Lunch, ten hours and a million years ago: the dainty table set up on the terrace, the snowy linen, the polished silver, the deft
sommelier
pouring the feather-light wine from the frosted and napkin-wrapped bottle, the delicate slices of savory ham, the angelfood cake with whipped cream, the paper-thin cup of steaming coffee—

"Hey—you!" a deep voice boomed across the room, shattering O'Leary's reverie. He looked around to see who was thus rudely addressed, saw a pair of tall fellows in gold-braided blue tailcoats, white knee breeches, buckled shoes, and tricorner hats bearing down on him from the door.

"Yeah—it's him," the smaller of the two said, grabbing for his sword hilt. "Boy oh boy, the pinch of the week, and it's ours, all ours, Snardley—so don't louse it up." The rapier cleared its sheath with a whistling rasp. Its owner waved it at O'Leary.

"Hold it right here, pal," he said in a flinty voice. "You're under arrest in the name of the duke!"

The second uniformed man had drawn a long-muzzled flintlock pistol of the type associated with Long John Silver; he flourished it in a careless manner at O'Leary's head.

"You going in quiet, rube, or have I gotta plug you, resisting arrest?"

"You've got the wrong rube," Lafayette replied impatiently. "I just arrived: I haven't had time to break any laws—unless you've got one against breathing."

"Not yet—but it's a thought, wise guy." The rapier-wielder jabbed sharply at him. "Better come along nice, Bo: Yockwell and me collect the same reward, dead or alive."

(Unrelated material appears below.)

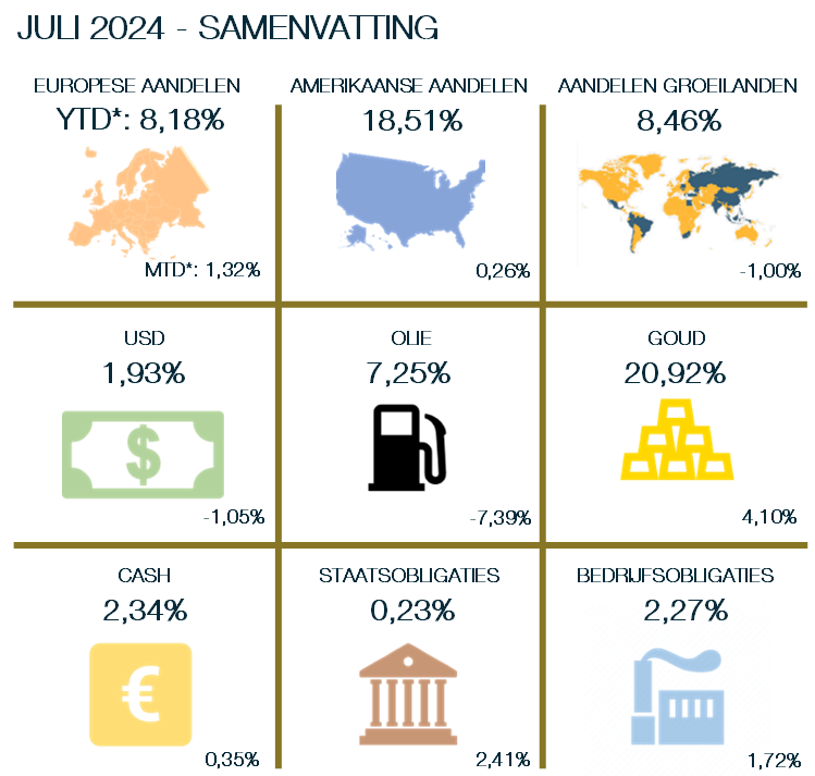 Ook de politiek beroerde de markten. In Frankrijk eindigde een gevreesde overwinning voor extreem rechts of links in een erg verdeeld parlement. Een mislukte aanslag op presidentskandidaat Trump deed zijn overwinningskansen stijgen. Al besliste president Biden om zichzelf niet meer verkiesbaar te stellen ten voordele van vicepresident Kamala Harris.

"I seen what you taken and done to a couple pals of mine, which they was snuck up on from behind," Yockwell warned. "I'm just itching for a excuse to get even." He thumbed back the hammer of the big pistol with an ominous click.

"You're out of your minds!" O'Leary protested. "I've never been to this water-logged slum before in my life!"

"Tell it to Duke Rodolpho." The sword poked Lafayette painfully. "Pick 'em up, Dude. We got a short walk ahead."

O'Leary glanced toward the ladies' room as he got to his feet: the door was closed and silent. The landlord stood furtive-eyed behind the bar, polishing a pewter tankard. Lafayette caught his eye, mouthed an urgent message. The man blinked and made a sign as if warding off the evil eye.

"You fellows are making a big mistake," Lafayette said as a push helped him toward the door. "Probably right now the man you're really after is making a fast getaway. Your bosses aren't going to like it—"

"You either, chum. Now button the chin."

A few furtive passersby gaped as the two cops herded O'Leary up the narrow, crooked street which wound sharply toward the grim pile towering over the town. They passed through a high iron gate guarded by a pair of sentries in uniforms like those of the arresting patrolmen, crossed a cobbled courtyard to a wooden door flanked by smoking flambeaux. It opened on a bright-lit room with hand-drawn WANTED posters on the walls, a wooden bench, a table stacked with curled papers in dusty bundles.